Besides predicting the affinity or intensity scores, we further discuss how to integrate marketing ideas into organic recommendation to improve item cold-start performance. Our key challenge is that we can only recommend the promotional (cold-start) items when a user appears online in the RecSys, which is a random event in itself. To meet the challenge, we record the distribution of all user states as they appear online during a past time period and then solve for the "Dual" variables v(y) for each and every item y. Then, we show that we only need to rerank the recommendations by the modified scores, λ(x,y)-v(y) for the same user x in real time, to ensure that we can cumulatively deliver item y to a desired number of all user visits in a future time period. Our strategy is analogous to finding an empirical threshold v(y) and picking users only when their scores exceed the threshold. However, our analysis is more fundamental and we also consider the competing delivery guarantees for multiple items at the same time. The multiple-item scenario is applicable in the item cold-start problem, which we show in our experiments.

Getting Started

  1. Download and install via pip install -e .[full]

    • If you see "RuntimeError: Unable to find target ...", try pip install --no-cache-dir --ignore-installed -U numba

    • Some baseline models may require manual installation. They are optional.

    • To install everything:
      !pip install -e .[full]
      !pip install --no-cache-dir --ignore-installed -U numba  # optional fix for numba error
      !pip install dgl-cu111  # replace with the correct cuda version
      !conda install -c conda-forge implicit implicit-proc=*=gpu -y
      # restart kernel after installation
      %run test/test_rime.py
      test_minimal_dataset()
      
  2. Add data to the data folder. Some downloading and preparing scripts may be found in data/util.py.

  3. Run recommendation experiment as

    import rime
    D, V, *V_extra = rime.dataset.prepare_ml_1m_data(exclude_train=True)
    self = rime.Experiment(D, V, *V_extra)
    self.run()
    self.print_results()  # tabular results
    fig = rime.util.plot_rec_results(self, 'prec')
    
    rec-ml-1m-prec

    Notice the optional config that excludes training user-item pairs from reappearing in predictions (and targets) by automatically generating a prior_score attribute in dataset class. This helps non-temporal matrix-factorization models.

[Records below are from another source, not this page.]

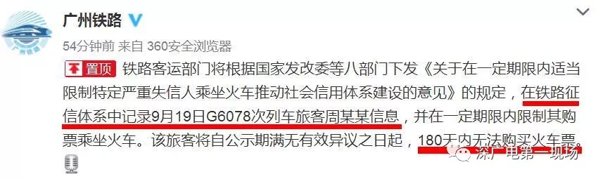 據(jù)@廣州鐵路今天上午10點25分通報稱,鐵路客運部門將根據(jù)國家發(fā)改委等八部門下發(fā)《關(guān)于在一定期限內(nèi)適當(dāng)限制特定嚴(yán)重失信人乘坐火車推動社會信用體系建設(shè)的意見》的規(guī)定,在鐵路征信體系中記錄9月19日G6078次列車旅客周某某信息,并在一定期限內(nèi)限制其購票乘坐火車。
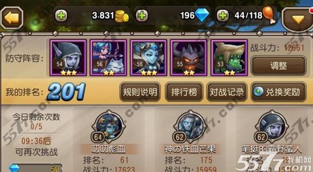 我这里就给大家讲一个锁定的概念:在你打到某个排位的时候,你刷新到了前面的最高位,不退出竞技场界面,就算你被打出10000名开外,你还是可以直接打这个前面的人的,只要你打下了,那么你就可以回去。
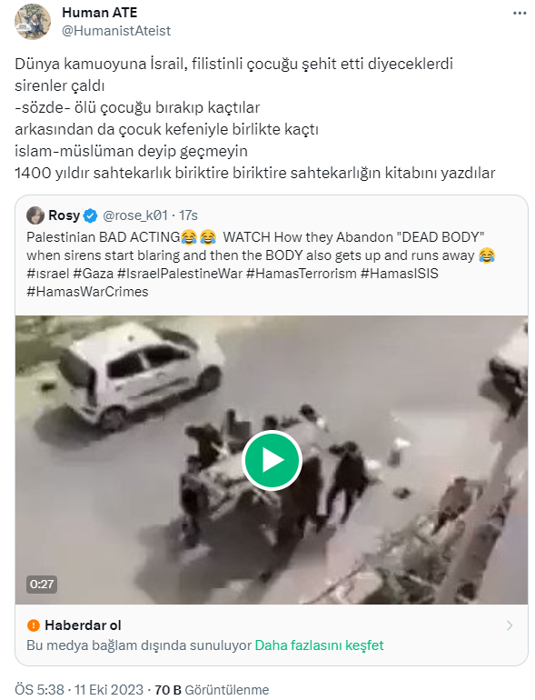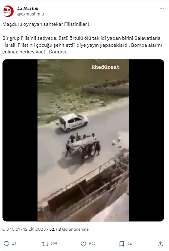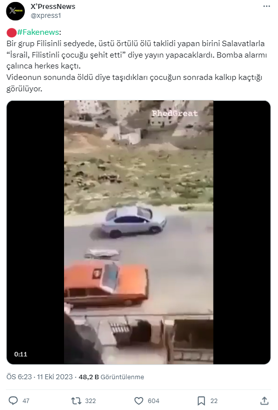 Filistin-İsrail arasındaki çatışmanın devam ettiği şu günlerde iki taraf hakkında da farklı iddialar dolaşımda. Bugün inceleyeceğimiz video, açıklama kısmında Filistinlilerin sahte cenaze töreni düzenleyerek kamuoyunu yanıltmaya çalıştığı iddiasıyla paylaşılıyor.

  4. Run matching experiment with Dual-Online allocation and plot diversity-relevance trade-off

    online = rime.Experiment(D, V, *V_extra,
                             mult=[0, 0.3, 0.7, 1, 3, 10, 200],  # turn on match calculation
                             online=True)  # optional; default offline = greedy match
    online.run(["Rand", "Pop", "HP", "ALS", "BPR", "GraphConv-Extra",
                    "Transformer", "Transformer-Pop", "Transformer-HP",])
    online.print_results()  # tabular results
    fig = rime.util.plot_mtch_results(online)
    
    online-ml-1m
  5. Run pytest -s -x --pdb for unit tests including the end-to-end workflow.

Code Organization

Step 0. Data Preparation

dataset_class

We use a Dataset class to represent the train/test split for evaluation in both recommendation and marketing scenarios. In the simplest form, the test labels are represented as a sparse matrix target_csr between all users and items for a time period [T, T + horizon), shown on the left side of the figure. The training data is automatically extracted from the corresponding user events prior to time T and the user histories also serve as user-side features in the testing phase.

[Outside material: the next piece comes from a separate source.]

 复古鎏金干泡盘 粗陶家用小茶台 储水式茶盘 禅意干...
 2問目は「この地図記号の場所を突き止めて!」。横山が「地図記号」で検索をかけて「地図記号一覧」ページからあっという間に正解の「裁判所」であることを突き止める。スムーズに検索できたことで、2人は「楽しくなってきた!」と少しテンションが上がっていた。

On the right side of the figure, we introduce some useful extensions. Notably, we allow each user to contain multiple (or zero) TEST_START_TIME. To separate from the globally unique user_df, we call these different temporal states test_requests or user_in_test. We also have a item_in_test attribute, but it is for a different purpose which we will discuss in the next paragraph. For now, we only consider stateless items and accumulate all user interactions within their respective time periods.

Optionally, we introduce a create_dataset_unbiased function which further eliminates test users and items that have not been previously seen at training time. Unless specified explicitly, user_in_test is automatically extracted from all seen users with test-start time < ∞. Likewise, item_in_test corresponds to the seen items from the histories of the all unique users.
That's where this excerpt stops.